[Record extracts — start]

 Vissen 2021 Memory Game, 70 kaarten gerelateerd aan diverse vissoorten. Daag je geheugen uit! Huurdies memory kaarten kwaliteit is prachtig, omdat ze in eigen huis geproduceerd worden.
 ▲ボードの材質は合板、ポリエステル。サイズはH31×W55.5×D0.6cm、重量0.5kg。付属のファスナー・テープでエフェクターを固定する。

[Record extracts — finish]
[Record extracts — start]

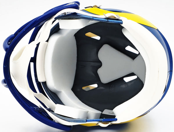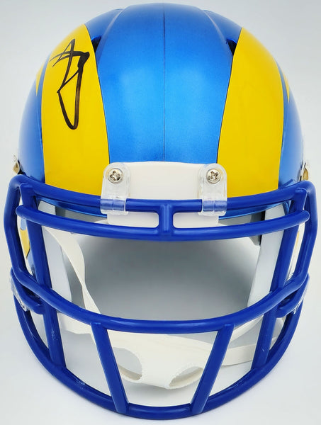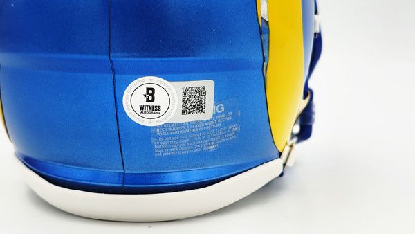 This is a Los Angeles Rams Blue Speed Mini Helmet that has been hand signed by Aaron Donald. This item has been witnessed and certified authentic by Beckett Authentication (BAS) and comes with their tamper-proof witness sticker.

[Record extracts — finish]
[Record extracts — start]

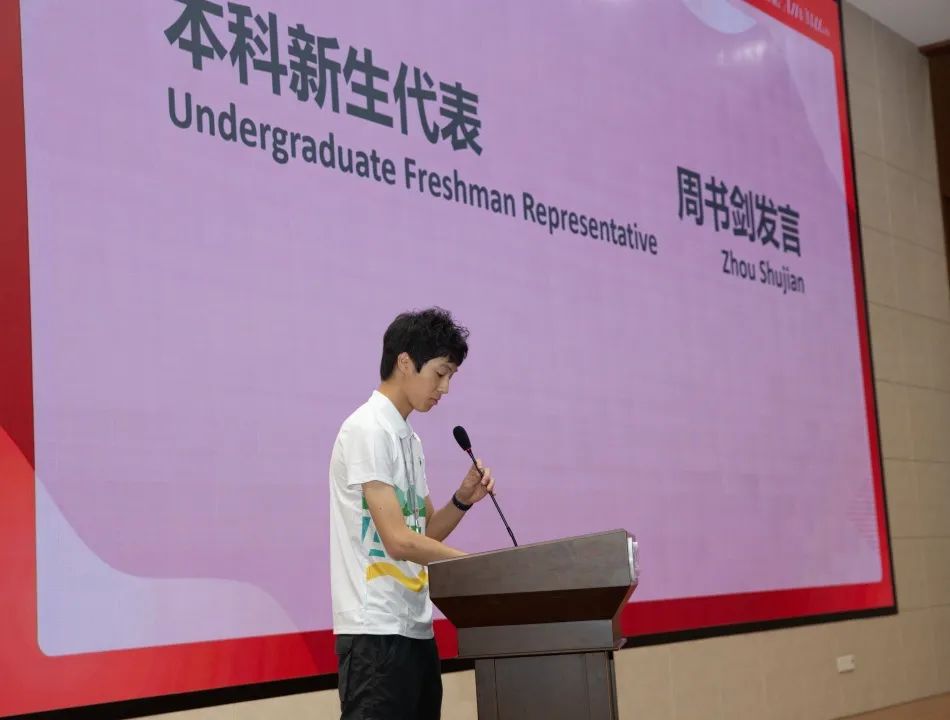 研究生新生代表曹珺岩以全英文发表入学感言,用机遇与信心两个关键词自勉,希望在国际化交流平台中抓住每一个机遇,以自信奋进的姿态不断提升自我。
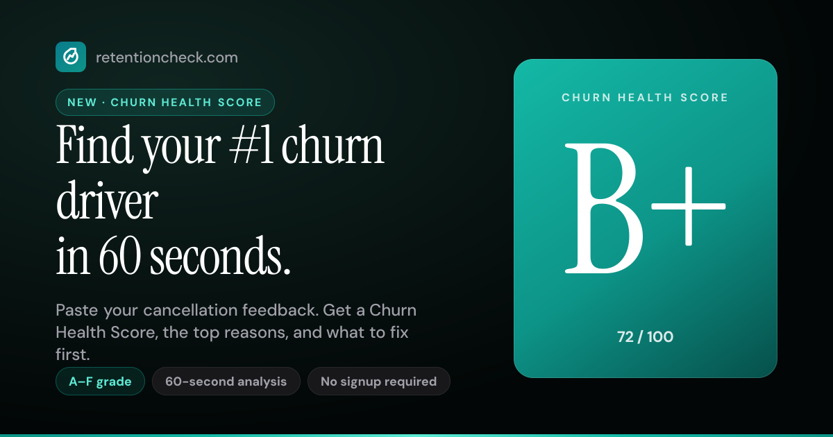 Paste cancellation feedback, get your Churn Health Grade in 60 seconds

[Record extracts — finish]

What you are asked to do:
Although the records above contain pictures, the copy must not; set down exactly the lines from the one with "研究生新生代表曹珺岩以全英文" up to and including the one with "Paste cancellation feedback, get".

Written solution:
 研究生新生代表曹珺岩以全英文发表入学感言,用机遇与信心两个关键词自勉,希望在国际化交流平台中抓住每一个机遇,以自信奋进的姿态不断提升自我。
 Paste cancellation feedback, get your Churn Health Grade in 60 seconds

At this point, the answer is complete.